The errors of such a process becomes obvious when such a person attempts to apply his knowledge to answer a question which involves arranging the ideas he already holds in a new way: because he never learns to relate ideas and concepts together, he is unable to do anything but spit out the same old lines he has memorized word by word.

For example, a student may take a programming class and memorize all the commands of a language and all the functions needed to accomplish certain tasks, but ask him to write a program using the most basic of these commands, and he will be completely helpless unless he has learned the relationships and meanings of the commands and functions. Likewise, many students study arithmetic, geometry, algebra, calculus in their education, but without integrating and learning the meaning and inter-relationships of these subjects, they will be unable to solve the most basic mathematical problems in real life. They will study history not as a chain of causally-linked events and trends, but as unrelated dates and actions, and science not as integrated and related fields, but as abstract, trivial, and independent areas.

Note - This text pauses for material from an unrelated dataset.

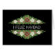 A chic, floral Christmas Card with swags of red and white Christmas Roses, Holly and Ivy on a black background and the Spanish Language Greeting 'i Feliz Navidad' in stylish, modern lettering, in white. From a hand-painted design by Judy Adamson. Please feel free to add your own inside text.
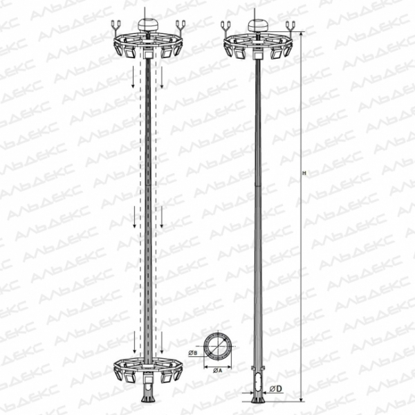 Высокомачтовые опоры освещения, предназначенные для монтажа большого количества светильников (до 12) на высоте, позволяющей увеличить их продуктивность и площадь охвата. Опоры ВМО-35-В исп. 6 заменяют собой сразу несколько стандартных опор освещения, что позволяет полностью окупить их увеличенную стоимость, связанную не только с большой металлоемкостью, но и со сложной организацией конструкций. При этом такие металлоконструкции отличаются оптимальным для своих габаритов весом, не создают излишней нагрузки на грунт, могут быть использованы для подземного подвода кабельной системы, что позволяет отказаться от протягивания дополнительных проводов. Системы используются на стадионах, на промышленных площадках и т.д. Их гармоничный дизайн и современное исполнение, а также возможность обслуживания без привлечения габаритной спецтехники, которой часто требуется специальный подъезд, позволяют использовать их при обустройстве жилых комплексов.

It is not surprising then, that such people will view philosophy not as an integrated, and hierarchical structure, but a series of abstract questions, to be solved by logical calculus or left open with a big question mark.

The person who actually learns, rather than merely memorizing is not only able to relate existing knowledge and apply it to new situations, but more importantly, he can critically judge the ideas of his teachers, no matter how well-regarded they may be. Most students take their professor’s ideas at their word, either neutrally memorizing material and spiting it back out, or finding something instinctively wrong with ideas (perhaps because their parents, peers, or preacher told them otherwise) but being unable to say just why because the professor’s words are just as un-integrated as their previous knowledge. So, they put a question mark on the whole thing, and adopt a general apathy and equivocate all ideas as just “opinions.”

This, then is the general stupor in which most we find most people today, and it is the direct result of an educational system that fails to provide students with the critical thinking skills (despite a superficial dedication to it) needed to integrate and evaluate knowledge.